Akhir – akhir ini negara dan pemerintah sangat berfokus untuk memberantas tindak
pidana korupsi yang sifatnya represif, menangkap serta mengadili para pelaku tindak pidana
korupsi. Korupsi sendiri disebabkan oleh banyak faktor, seperti tidak adanya akuntabilitas dalam
kekuasaan dan monopoli , serta adanya kesempatan serta kebutuhan dan keserakahan yang sama-
sama berkaitan [ Menurut Jack Bologne].Berdasarkan UU Nomor 31 Tathun 1999 juncto UU
Nomor 20 Tahun 2001 tersirat bahwa 30 delik pidana yang dikategorikan menjadi 7 jenis seperti
Kerugian keuangan negara, suap- menyuap, penggelapan dalam jabatan, pemerasan, perbuatan
curang, benturan kepentingan dalam pengadaan, serta gratifikasi.
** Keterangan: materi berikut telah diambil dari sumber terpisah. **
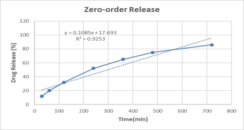 The zero-order model (R² = 0.925) showed comparatively lower correlation, indicating that the system does not follow a constant drug release pattern over time. Instead, the release is better explained by a combination of diffusion and erosion, which aligns with the biphasic nature of the polymeric film.

Korupsi di Indonesia adalah
persoalan nyata sedang menggerogoti seuluruh kehidupan bangsa[1].Upaya agar pelaku jera
adalah dengan menjatuhkan pidana penjara terhadap tindak pidana korupsi . Namun dalam
realisasinya masih dapat kita katakan tidak efektif , jika dilihat dalam 10 tahun sejak
diberlakukan UU Nomor 20 Tahun 2001 tentang Pemberantasan Tindak Pidana Korupsi
hadirnya Lembaga KPK serta Pengadilan Tipikor ternyata dinilai tidak seperti yang diharapkan ,
terlebih perilaku korupsi semakin membengkak kasusnya. Tanpa adanya revisi untuk
memberikan efek jera dan tidak konsistensi dalam penegakkan hukum tindak pidana
Korupsi, maka perilaku korupsi tidak akan berkurang.